▶ _Problem to work on_: Write out again the lines from the line with "Women 100% Cotton" up to and including the line with "This adorable girls'", exactly as they stand below, and skip any picture.

▶ _Data entries_:
▼
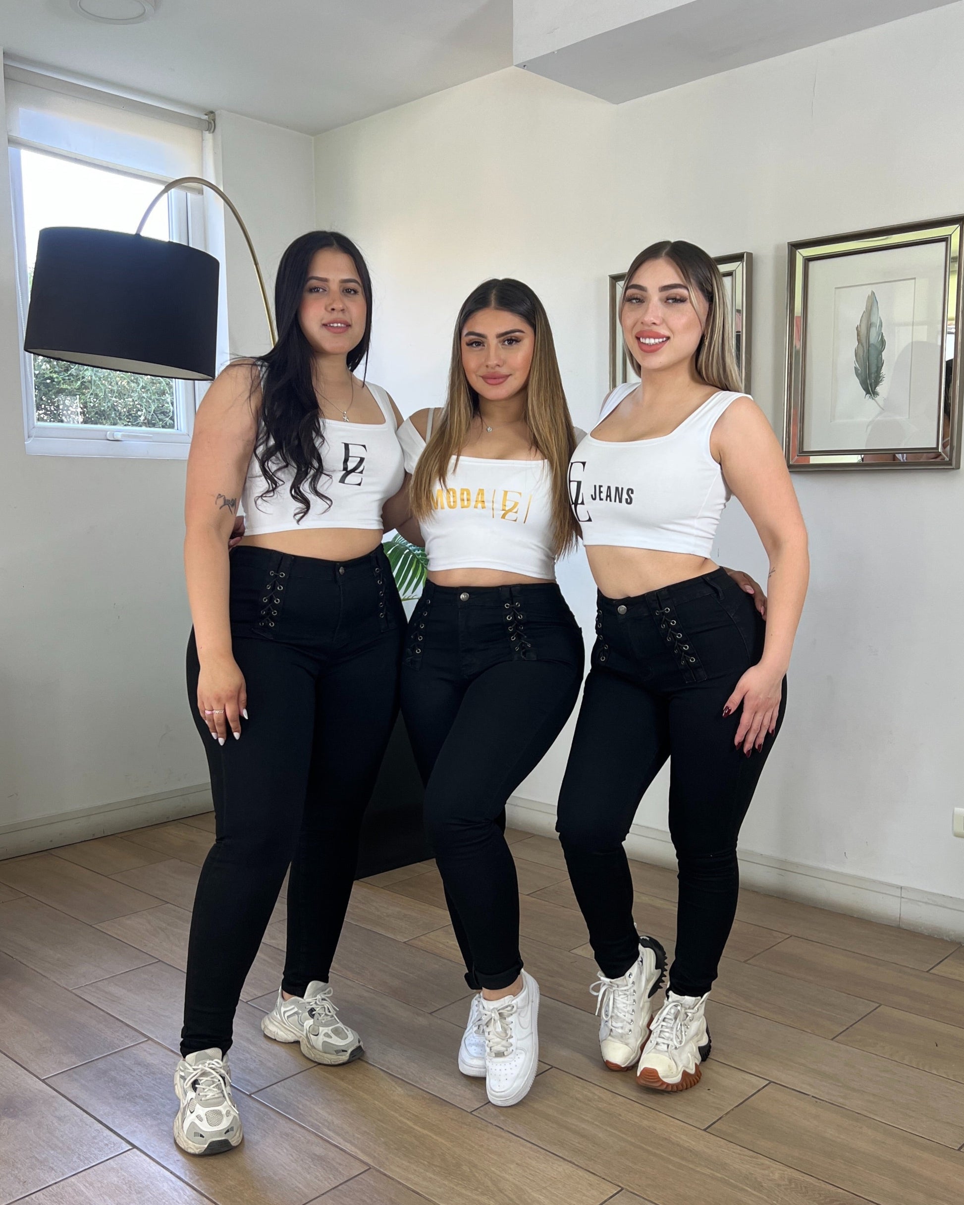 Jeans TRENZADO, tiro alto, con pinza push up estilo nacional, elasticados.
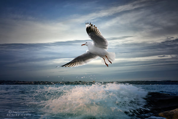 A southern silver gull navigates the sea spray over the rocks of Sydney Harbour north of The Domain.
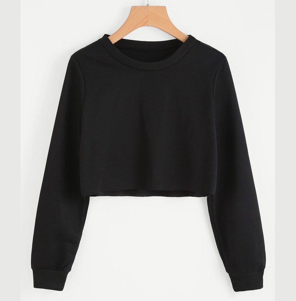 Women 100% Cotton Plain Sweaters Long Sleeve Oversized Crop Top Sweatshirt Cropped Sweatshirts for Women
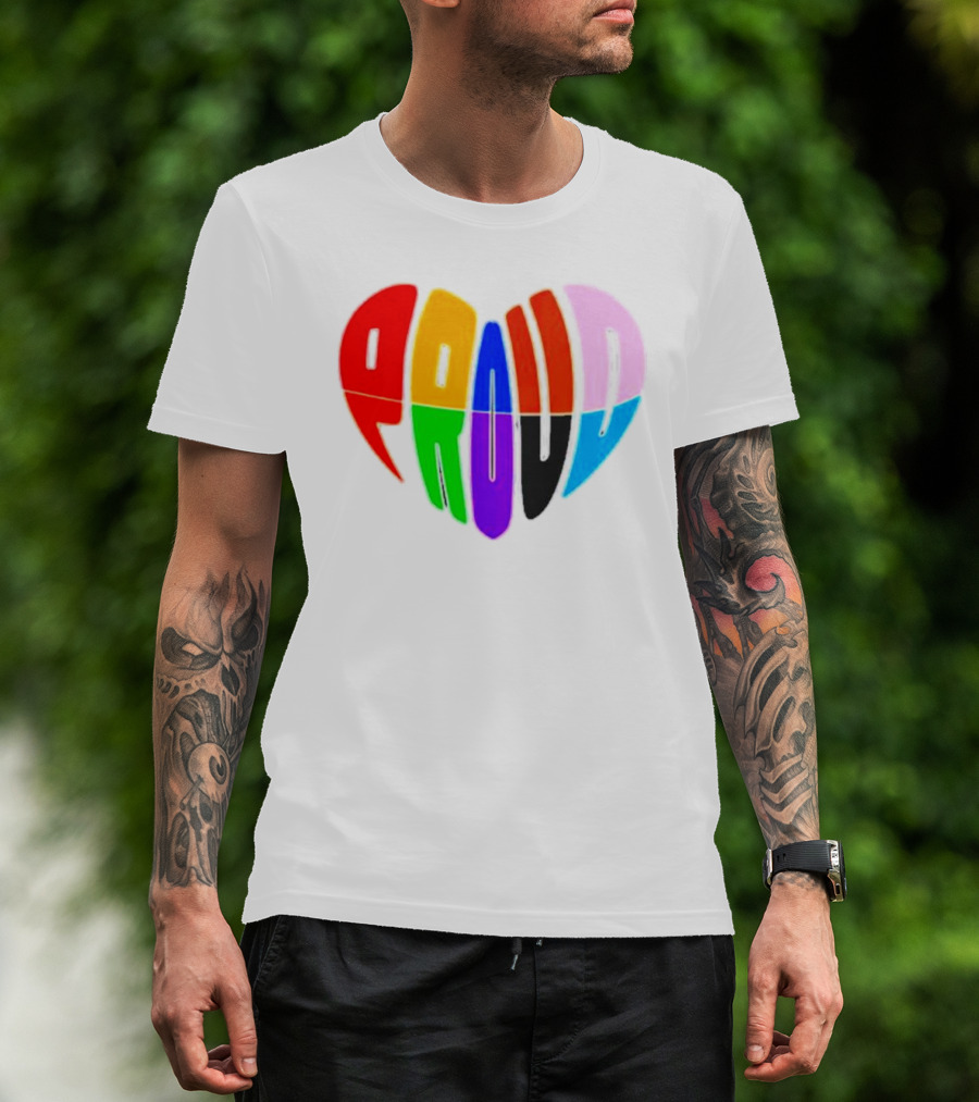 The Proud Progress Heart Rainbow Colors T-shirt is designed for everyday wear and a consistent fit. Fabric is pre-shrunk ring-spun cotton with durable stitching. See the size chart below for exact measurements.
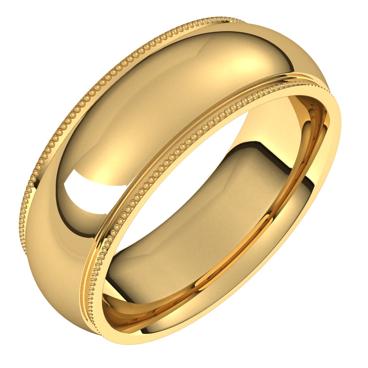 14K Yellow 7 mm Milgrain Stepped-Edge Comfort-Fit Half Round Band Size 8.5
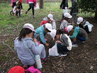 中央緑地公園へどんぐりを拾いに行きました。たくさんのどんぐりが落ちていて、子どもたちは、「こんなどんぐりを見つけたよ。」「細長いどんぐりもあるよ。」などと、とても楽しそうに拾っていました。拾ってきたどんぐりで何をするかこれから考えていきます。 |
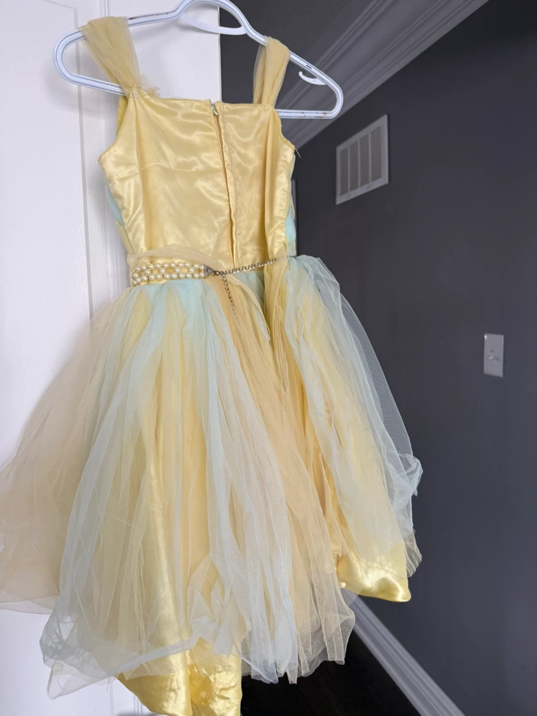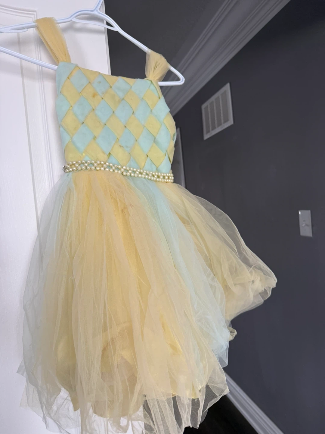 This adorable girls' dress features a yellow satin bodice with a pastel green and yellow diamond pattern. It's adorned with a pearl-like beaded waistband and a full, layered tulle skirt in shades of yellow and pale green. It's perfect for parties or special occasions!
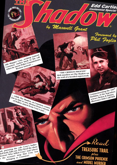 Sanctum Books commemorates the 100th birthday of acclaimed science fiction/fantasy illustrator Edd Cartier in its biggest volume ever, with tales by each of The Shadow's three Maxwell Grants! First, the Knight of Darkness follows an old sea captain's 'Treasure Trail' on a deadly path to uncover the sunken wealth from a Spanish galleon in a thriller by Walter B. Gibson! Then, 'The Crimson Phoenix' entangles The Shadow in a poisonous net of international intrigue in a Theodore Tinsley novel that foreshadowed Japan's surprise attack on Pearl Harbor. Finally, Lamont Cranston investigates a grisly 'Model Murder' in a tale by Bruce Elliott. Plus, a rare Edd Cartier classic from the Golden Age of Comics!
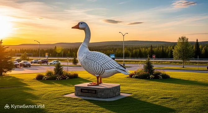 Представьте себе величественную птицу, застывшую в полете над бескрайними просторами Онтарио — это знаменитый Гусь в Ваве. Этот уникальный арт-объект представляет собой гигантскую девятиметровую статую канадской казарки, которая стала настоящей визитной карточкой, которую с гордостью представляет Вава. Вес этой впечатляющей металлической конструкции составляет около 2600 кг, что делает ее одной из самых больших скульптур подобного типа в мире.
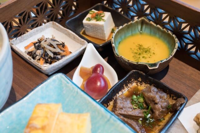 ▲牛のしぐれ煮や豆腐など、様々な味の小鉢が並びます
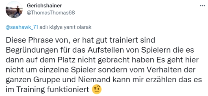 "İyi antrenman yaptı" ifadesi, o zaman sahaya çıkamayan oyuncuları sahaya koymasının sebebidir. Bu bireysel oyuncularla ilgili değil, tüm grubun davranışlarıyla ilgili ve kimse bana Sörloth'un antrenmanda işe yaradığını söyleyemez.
▲
▶ _Output of the exercise_:
 Women 100% Cotton Plain Sweaters Long Sleeve Oversized Crop Top Sweatshirt Cropped Sweatshirts for Women
 The Proud Progress Heart Rainbow Colors T-shirt is designed for everyday wear and a consistent fit. Fabric is pre-shrunk ring-spun cotton with durable stitching. See the size chart below for exact measurements.
 14K Yellow 7 mm Milgrain Stepped-Edge Comfort-Fit Half Round Band Size 8.5
 中央緑地公園へどんぐりを拾いに行きました。たくさんのどんぐりが落ちていて、子どもたちは、「こんなどんぐりを見つけたよ。」「細長いどんぐりもあるよ。」などと、とても楽しそうに拾っていました。拾ってきたどんぐりで何をするかこれから考えていきます。 |
 This adorable girls' dress features a yellow satin bodice with a pastel green and yellow diamond pattern. It's adorned with a pearl-like beaded waistband and a full, layered tulle skirt in shades of yellow and pale green. It's perfect for parties or special occasions!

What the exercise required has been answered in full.